La base segura es sin duda un elemento importante en la terapia y es curativa por si mismo para
cierto tipo de pacientes; la técnica tradicional veía los componentes relacionales como una variable a
controlar en el análisis, sacrificando así una valiosa vía de intervención. Eso no significa que el
trabajo interpretativo pueda ser eliminado, más bien, se debería hablar de dos líneas paralelas de
trabajo terapéutico: la relacional (que abarca el vínculo sujeto-paciente y las implicaciones para las
relaciones exteriores y el mundo interno del paciente) y la interpretativa (que se ciñe a mostrar
ciertos procesos mentales del sujeto). En un plano del tratamiento, el análisis de los patrones
relacionales -de las representaciones internas de los otros- debe encontrar un espacio bipersonal en
la terapia, se deben abordar por medio del vínculo que existe entre el paciente y el terapeuta. En otro
plano, hay ciertos procesos mentales que deben ser analizados en una sola dirección, el analista
debe mostrar (y hacer que el paciente incorpore) un método de auto observación que le haga
detectar y comprender ciertas acciones (angustias, mecanismos de defensa, reacciones
inconscientes, rasgos de carácter) que no dependen tanto de la interacción con otros, aunque
pudieran tener ahí su origen.
Apego y narcisismo son quizá dos de los puntos que más se relacionan en psicoanálisis con esta
necesidad de interactuar para alcanzar un desarrollo; no obstante, no es el único campo en el que el
ser humano se constituye a partir de lo que otros le dan (un tema capital en psicoanálisis ortodoxo,
como es la pulsión, también puede tener su origen en la inscripción que hacen los otros en el deseo
del sujeto). Una relectura de los padres de la teoría psicoanalítica puede mostrarnos cómo lo que
podía estar curando a sus pacientes no era sólo aquello que ellos creían, sino también un modo de
relación que entablaron inconscientemente. En cualquier caso, esa relectura siempre será una
construcción personal.

Construir: la relación, el cerebro, los constructos, el significado (narrativa).

Apéndice

La Matriz de Cowan

La Matriz de Cowan (2001) supone un intento de ordenar las distintas teorías psicológicas en función
del tipo de conocimiento que priman.
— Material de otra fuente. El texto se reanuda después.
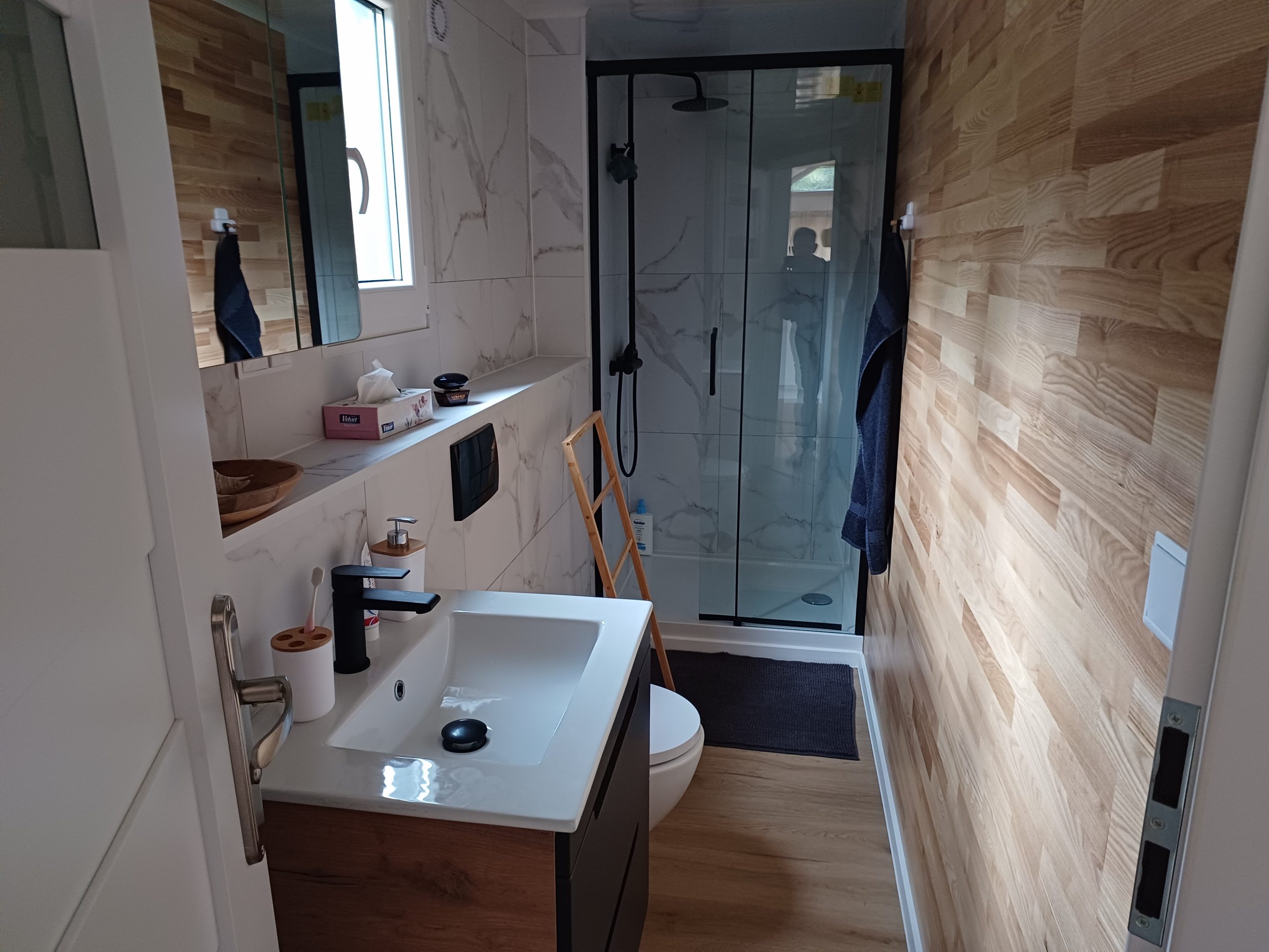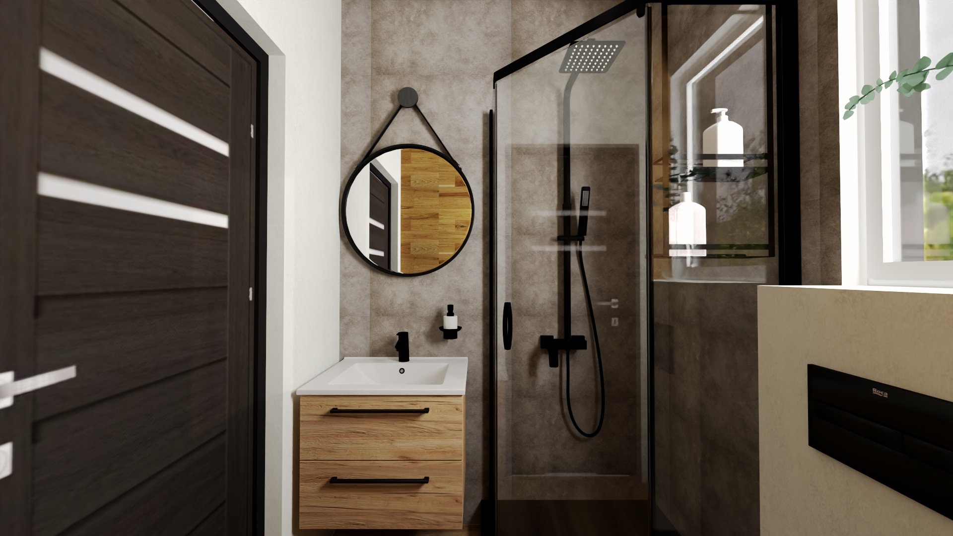 Floor and wall finishes – waterproof vinyl panels.The room is prepared for the installation of fixtures, optionally – a version with full installation (sink, toilet, shower cabin, washing machine, water heater (flow-through/boiler), bathroom cabinets)

El cuadro de doble entrada surge de combinar un constructo
Interno – Externo (completado con una postura “interactiva”) con tres categorías (Biológica
Psicológica y Relacional).

No hay que tomar esta clasificación como exhaustiva, simplemente pretende orientar sobre las
fuentes de conocimiento en psicopatología y psicoterapia. Su utilidad está en orientar al clínico y, en
ocasiones, invitar a incluir en sus hipótesis nuevas fuentes de información (por devastador que
resulte para las hipótesis que habían surgido del campo teórico preferente de cada terapeuta).
Indicaciones terapéuticas según M. G. Y M Shane

La psicoterapia basada en el apego debe incluir estas características:

1. Respuesta Contingente: adaptarse a las necesidades del paciente sin abandonar otros objetivos.

2. Mentalización: identificar y entender los estados emocionales del sujeto.

3. Empatía: articulación de la mentalización con la experiencia subjetiva.


4. Simpatía: articulación de la empatía y la mentalización, acompañada de esfuerzos en los que el
terapeuta se muestra disponible y volcado a ayudar al paciente.

5. Enfatizar la importancia de experiencias positivas, como forma de contrarrestar las negativas.

6. Envolver al paciente en un clima de respeto, aceptación y esperanza.